* _To do_
Taking the line that contains "建筑面积约109㎡的三房,南" as the start and the last line of the data as the end, repeat exactly every line in that span, but no pictures.

* _Given information_
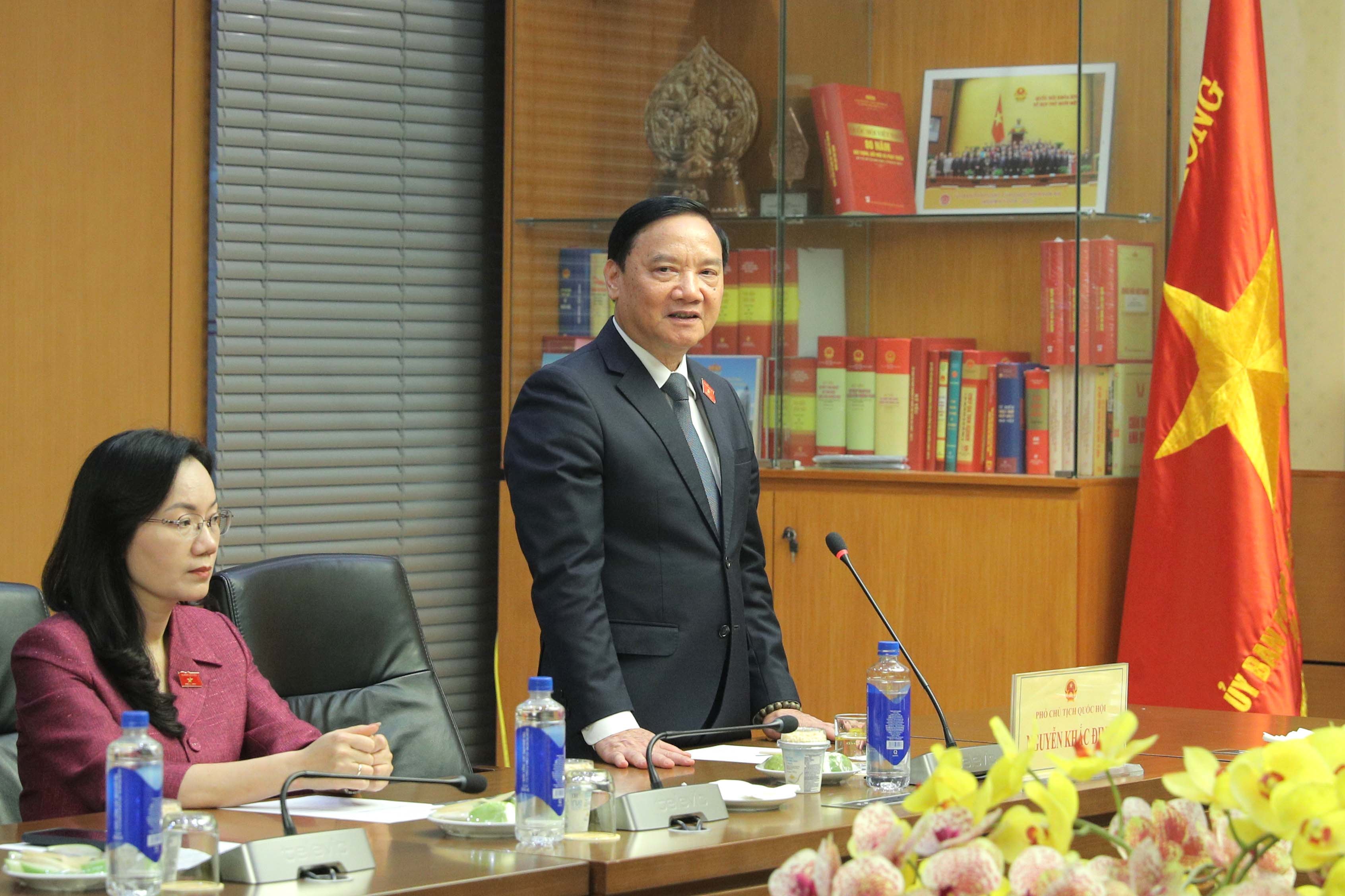 Phó Chủ tịch Quốc hội Nguyễn Khắc Định phát biểu tại buổi lễ. Ảnh: Hồ Long
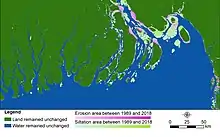 Bangladesh coastal areas are covering the south part of Bangladesh. The main rivers of Bangladesh derived from the Himalayas carry a high level of sediment and deposit it across the Bay of Bengal. This has led to major changes in the coastal region between 1989 and 2018. Over 30 years morphological changes many islands are losing land area. However, there has been an overall net gain in the land area due to the regular acceleration process in other parts of those islands. In the west, new islands were found, but no significant changes were observed. At the mouth of the Meghna estuary, noticeable variable changes have been observed with the formation of many new islands.
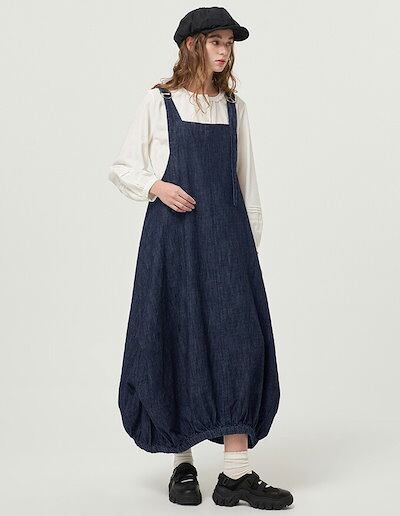 ジャンパースカート バルーンワンピース ジャンスカ レディース デニムワンピース オールインーワン ロング カジュアル ナチュラル 体型カバー ゆったり サロペット 重ね着 大きいサイズ
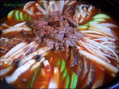 칼칼한 국물맛이 개운한 매운버섯전골 이예요주재료 쇠고기불고깃감100그람 데친느타리 100그람표고버섯 60그람중간크기로 3개 팽이버섯 1봉지분량 풋고추 1개붉은고추 1개 호박 14개 양파 12개 대파 12대부재료 �...
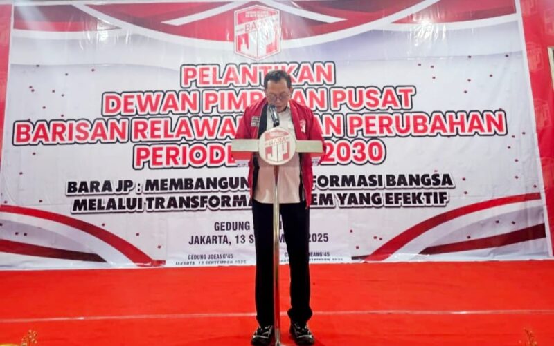 Suaraperubahan.web.id JAKARTA – Suasana Gedung Juang ’45 Menteng, Jakarta, bergemuruh ketika Dewan Pimpinan Pusat Barisan Relawan Jalan Perubahan (Bara JP) resmi dilantik untuk periode 2025–2030. Acara bersejarah ini menjadi magnet perhatian publik, akademisi, hingga tokoh politik nasional, karena diyakini akan menjadi momentum baru dalam konsolidasi relawan pengawal demokrasi dan pembangunan bangsa.
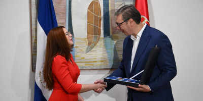 Predsednik Republike Srbije Aleksandar Vučić uručio je Orden srpske zastave prvog stepena zamenici stalnog predstavnika Republike Nikaragve pri Ujedinjenim nacijama Eleani Jaoska Pičardo.
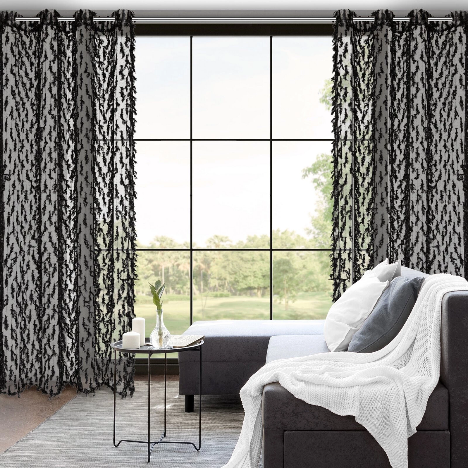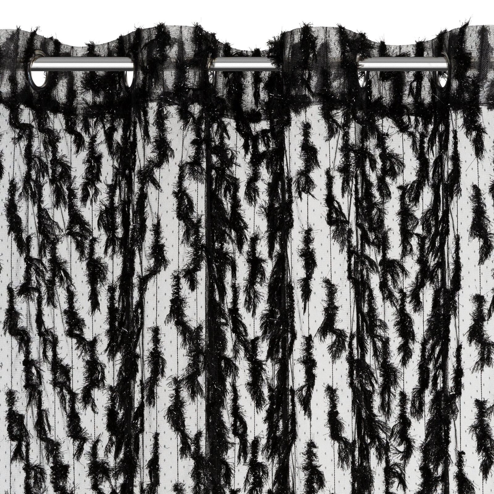 - Zasłona gotowa z aplikacją oraz z błyszczącą nicią szerokość: 140 cm, długość: 250 cm, kolor: czarny, Gramatura: 105 GSM, Skład: 100% poliester
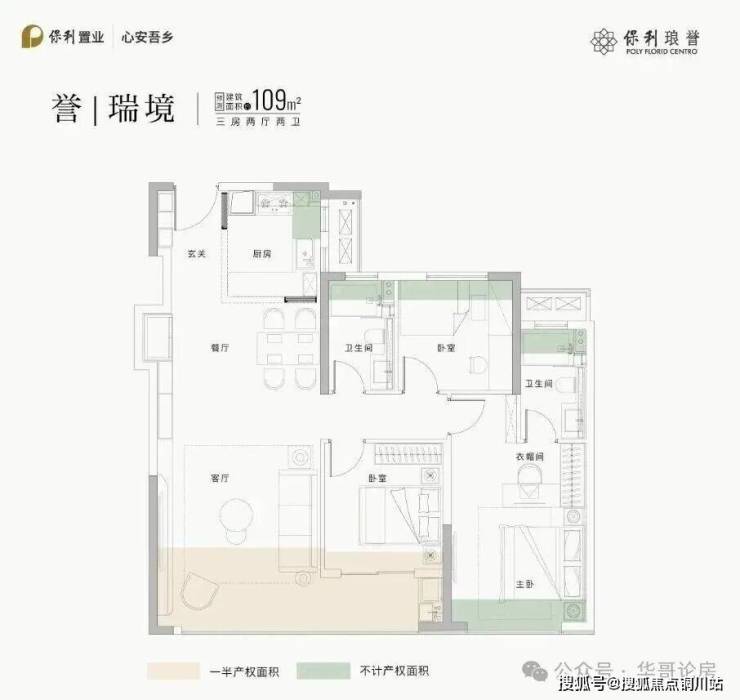 建筑面积约109㎡的三房,南向约10.7m面宽,约4.2m宽厅,约20㎡主卧套房,约51㎡LDKG公区空间。
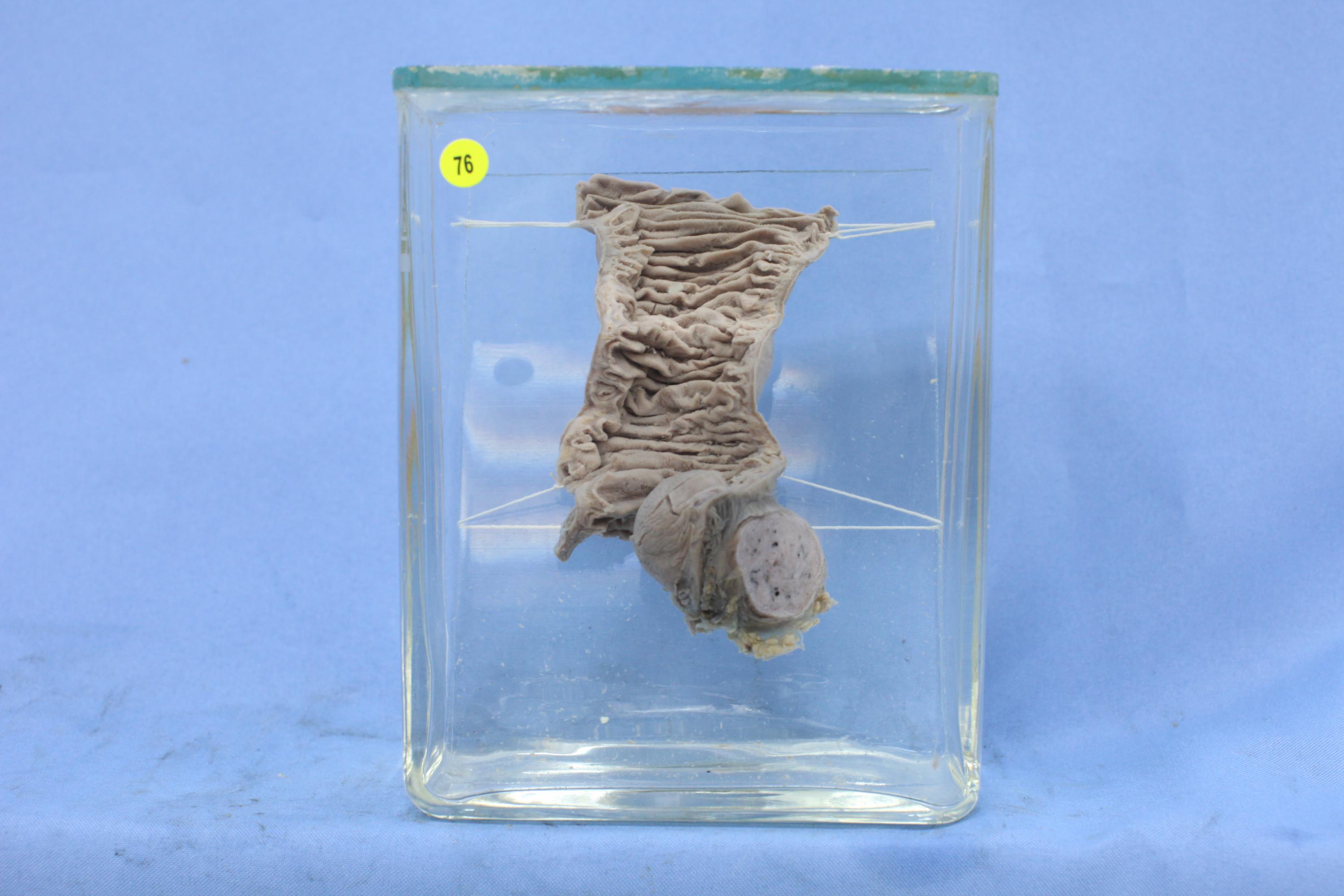 长约8厘米小肠一段,距一侧切缘1厘米处,小肠壁内见膨胀性生长的肿瘤1个,其直径3厘米,肿瘤向肠腔内、外突出,包膜完整;切面呈灰白色,可见散在分布的血管腔。
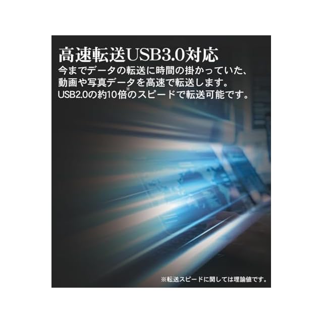 【高速転送】USB3.1(GEN1)により写真、動画など大きいデータをサクサク転送できます。もちろん、USB2.0でもご使用いただけます。
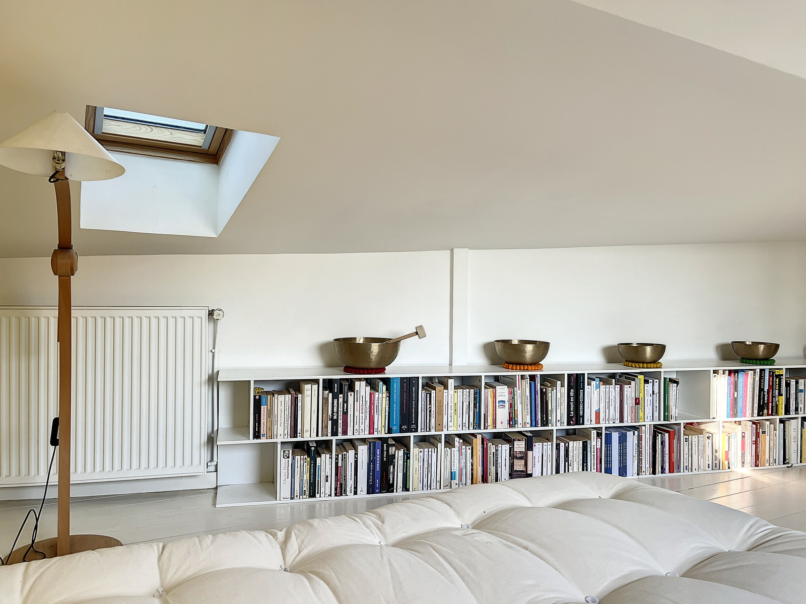 L'espace de vie se situe au premier étage. Des fenêtres de toit judicieusement ouvertes baignent de lumière le salon.
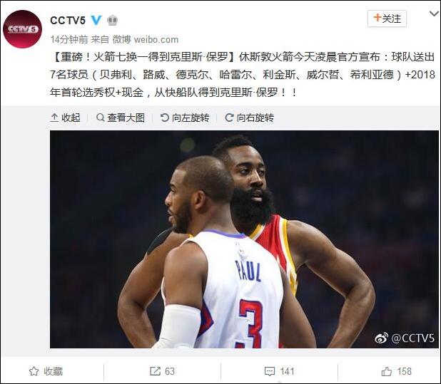 據@CCTV5 29日消息,休斯敦火箭今天凌晨官方宣佈:球隊送出7名球員(貝弗利、路威、德克爾、哈雷爾、利金斯、威爾哲、希利亞德)+2018年首輪選秀權+現金,從快船隊得到克里斯·保羅!!

* _Task output_
 建筑面积约109㎡的三房,南向约10.7m面宽,约4.2m宽厅,约20㎡主卧套房,约51㎡LDKG公区空间。
 长约8厘米小肠一段,距一侧切缘1厘米处,小肠壁内见膨胀性生长的肿瘤1个,其直径3厘米,肿瘤向肠腔内、外突出,包膜完整;切面呈灰白色,可见散在分布的血管腔。
 【高速転送】USB3.1(GEN1)により写真、動画など大きいデータをサクサク転送できます。もちろん、USB2.0でもご使用いただけます。
 L'espace de vie se situe au premier étage. Des fenêtres de toit judicieusement ouvertes baignent de lumière le salon.
 據@CCTV5 29日消息,休斯敦火箭今天凌晨官方宣佈:球隊送出7名球員(貝弗利、路威、德克爾、哈雷爾、利金斯、威爾哲、希利亞德)+2018年首輪選秀權+現金,從快船隊得到克里斯·保羅!!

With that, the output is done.